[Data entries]

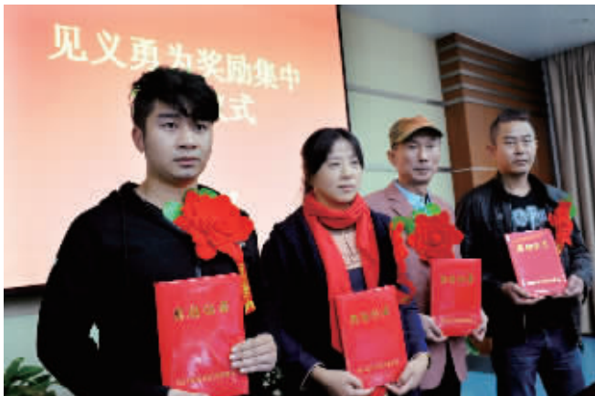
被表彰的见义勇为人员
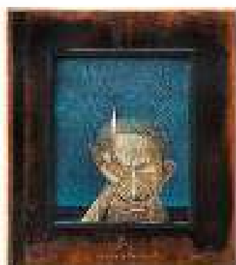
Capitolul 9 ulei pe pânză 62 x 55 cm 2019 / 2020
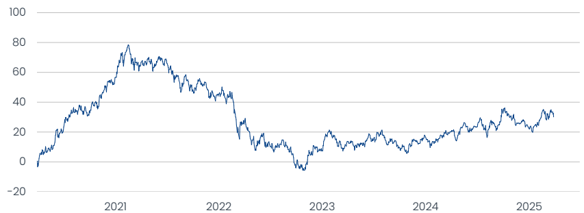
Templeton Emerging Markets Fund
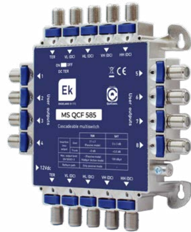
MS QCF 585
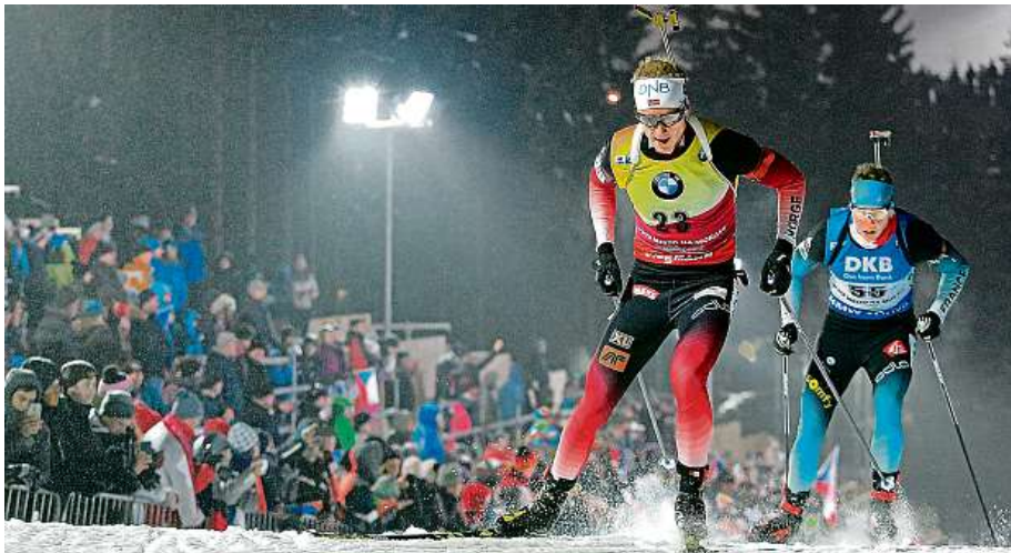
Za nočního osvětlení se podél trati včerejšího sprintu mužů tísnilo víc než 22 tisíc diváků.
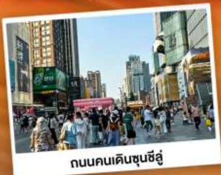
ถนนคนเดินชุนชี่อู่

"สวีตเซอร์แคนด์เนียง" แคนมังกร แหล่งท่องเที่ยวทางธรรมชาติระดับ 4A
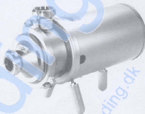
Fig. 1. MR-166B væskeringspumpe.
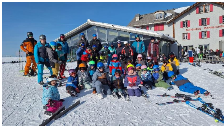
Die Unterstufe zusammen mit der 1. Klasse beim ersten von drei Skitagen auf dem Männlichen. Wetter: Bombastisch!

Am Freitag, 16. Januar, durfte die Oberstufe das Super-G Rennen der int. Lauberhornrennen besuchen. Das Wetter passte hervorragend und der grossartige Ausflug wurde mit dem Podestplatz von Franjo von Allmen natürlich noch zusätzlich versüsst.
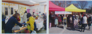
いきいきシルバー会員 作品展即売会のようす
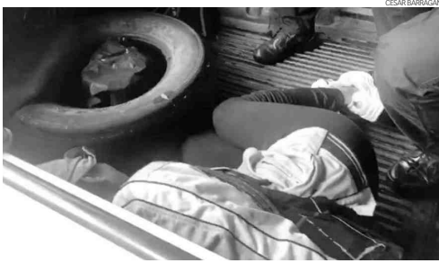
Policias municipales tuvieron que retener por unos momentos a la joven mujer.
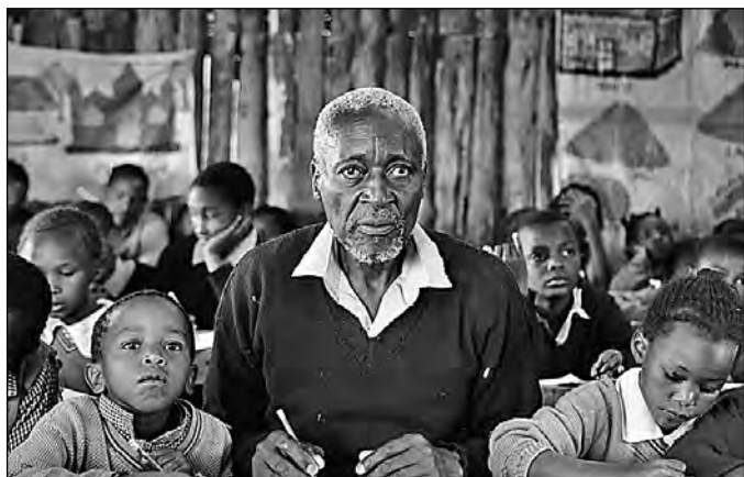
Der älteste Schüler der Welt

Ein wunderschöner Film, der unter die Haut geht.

*Work item*
What is needed is a word-for-word copy of the records above, excluding pictures.

*Solution to this task*
被表彰的见义勇为人员
Capitolul 9 ulei pe pânză 62 x 55 cm 2019 / 2020
Templeton Emerging Markets Fund
MS QCF 585
Za nočního osvětlení se podél trati včerejšího sprintu mužů tísnilo víc než 22 tisíc diváků.
ถนนคนเดินชุนชี่อู่

"สวีตเซอร์แคนด์เนียง" แคนมังกร แหล่งท่องเที่ยวทางธรรมชาติระดับ 4A
Fig. 1. MR-166B væskeringspumpe.
Die Unterstufe zusammen mit der 1. Klasse beim ersten von drei Skitagen auf dem Männlichen. Wetter: Bombastisch!

Am Freitag, 16. Januar, durfte die Oberstufe das Super-G Rennen der int. Lauberhornrennen besuchen. Das Wetter passte hervorragend und der grossartige Ausflug wurde mit dem Podestplatz von Franjo von Allmen natürlich noch zusätzlich versüsst.
いきいきシルバー会員 作品展即売会のようす
Policias municipales tuvieron que retener por unos momentos a la joven mujer.
Der älteste Schüler der Welt

Ein wunderschöner Film, der unter die Haut geht.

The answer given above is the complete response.